On my way back home, minutes before I sat down to watch this, I was thinking, why am I enjoying these films so much? The answer was simple: the key is that my expectations are low. Faye can still not understand why I torture myself.

Anaconda (1997) had an all-star cast, while Anacondas: the Hunt for the Blood Orchid (2004) did not, which you’d presume would be the case a low-budget Sci-Fi Channel TV-movie, but the producers came back with a vengeance and delivered David Hasselhoff (no introduction needed) in the lead role. This third film in the franchise is also bearing the coolest logo in the series which would look great as a tattoo, even if a bit ridiculous.

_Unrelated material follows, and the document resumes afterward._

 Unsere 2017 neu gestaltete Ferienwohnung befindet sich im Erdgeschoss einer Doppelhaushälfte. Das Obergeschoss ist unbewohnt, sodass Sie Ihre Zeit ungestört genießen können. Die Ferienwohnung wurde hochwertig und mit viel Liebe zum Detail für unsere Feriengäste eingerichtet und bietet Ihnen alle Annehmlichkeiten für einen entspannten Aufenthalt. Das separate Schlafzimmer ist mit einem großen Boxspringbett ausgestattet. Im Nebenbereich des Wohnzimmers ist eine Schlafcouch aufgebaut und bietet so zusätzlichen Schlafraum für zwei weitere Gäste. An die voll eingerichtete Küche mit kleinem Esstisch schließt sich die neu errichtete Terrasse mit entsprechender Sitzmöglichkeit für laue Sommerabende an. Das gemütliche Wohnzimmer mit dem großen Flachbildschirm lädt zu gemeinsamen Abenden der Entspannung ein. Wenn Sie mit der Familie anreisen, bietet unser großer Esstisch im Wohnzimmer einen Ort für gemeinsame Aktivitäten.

In a research facility where doctors experiment with snakes in order to find the cure to cancer and Alzheimer’s something goes wrong (because the venue was understaffed) and a gigantic and evil anaconda breaks out, which also happens to be pregnant. Needless to say it kills a bunch of people on its way to freedom and the film becomes very generous with its gore.

A team of trigger-happy meatheads go on a mission to hunt the titular reptile but they fuck up and many of their people are killed along with an innocent or two in the midst of gunshots and explosions. That’s when the one and only David Hasselhoff comes to the rescue, becomes the leader of the gang, and kicks some major snake ass.

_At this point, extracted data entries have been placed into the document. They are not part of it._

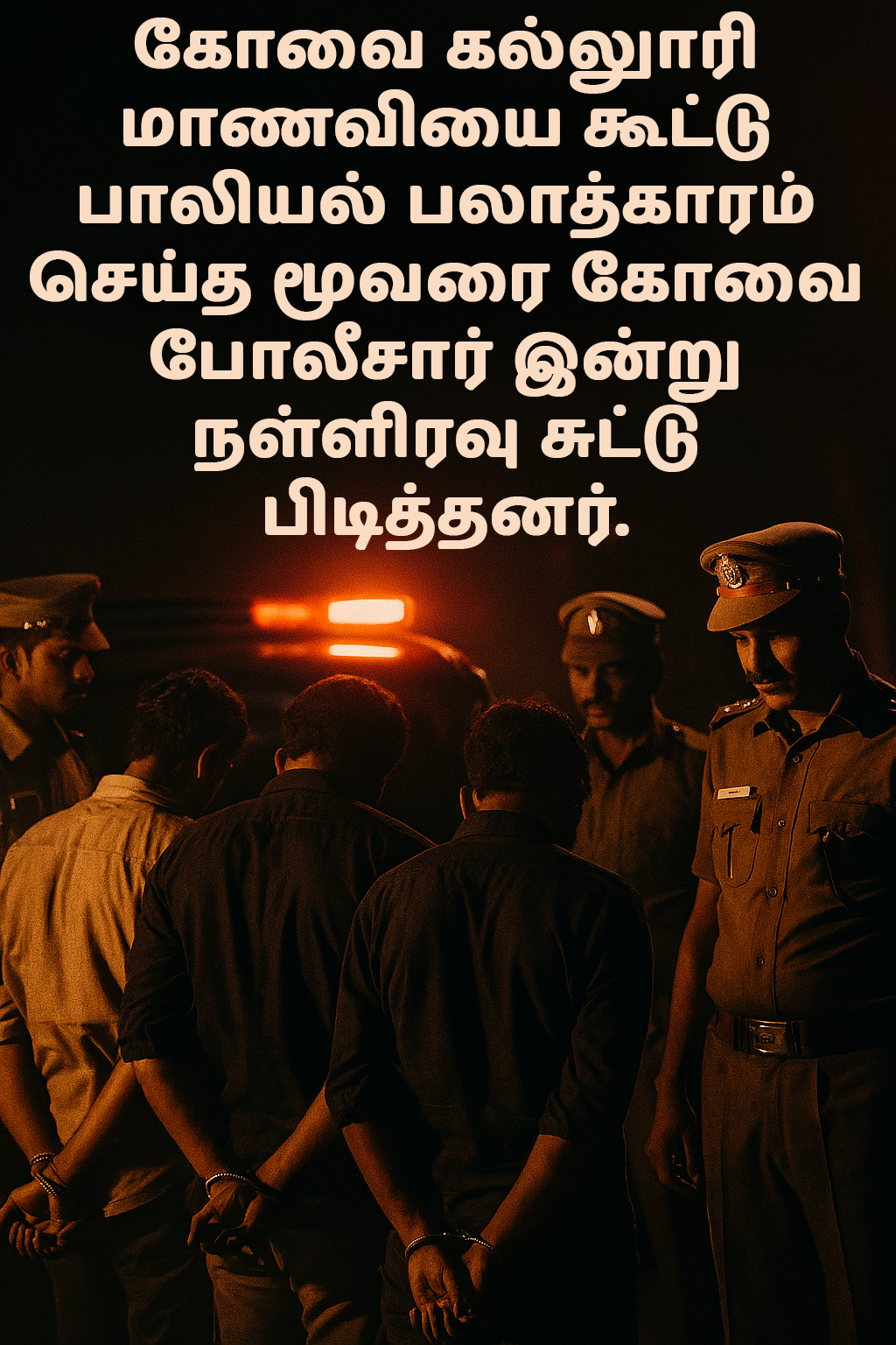 கோவையில் ஆண் நண்பருடன் காரில் அமர்ந்து பேசிக் கொண்டிருந்த மதுரையைச் சேர்ந்த கல்லுாரி மாணவியை, கத்தி முனையில் கடத்தி, கூட்டு பாலியல் பலாத்காரம் செய்த மூவரை கோவை போலீசார் இன்று நள்ளிரவு சுட்டு பிடித்தனர்.
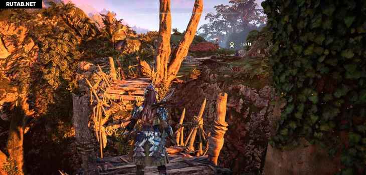 Из середины повернитесь лицом к дереву, на которое можно взобраться. Поднимитесь на вершину и прыгайте через короткий сломанный мост прямо впереди и, наконец, в долину.
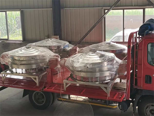 4臺(tái)1200不銹鋼直排篩發(fā)貨, 加裝超聲波系統(tǒng),篩分精度高,產(chǎn)量大, 能耗低,全封閉,無(wú)粉塵,特制電機(jī)。

This and the next film were cinematographed and directed by Don FauntLeRoy.

Anaconda 4: Trail of Blood (2009)

Anaconda III (2008) is probably my favorite film in this list, so I was surprised a bit when Anaconda 4: Trail of Blood (2009) proved to be the least enjoyable for me; as these two were shot back-to-back by the same director. Eh, even the snakes don’t look very menacing.

In Anaconda 4: Trail of Blood (2009) lead villain Murdoch [John Rhys-Davis, returning from the previous film] is paying a team of bounty hunters $1 million (which is probably more than this sequel’s budget) in order to find the titular snake’s serum (in order to cure his bone cancer) and kill the good scientist that created it [Crystal Allen, returning from the previous film].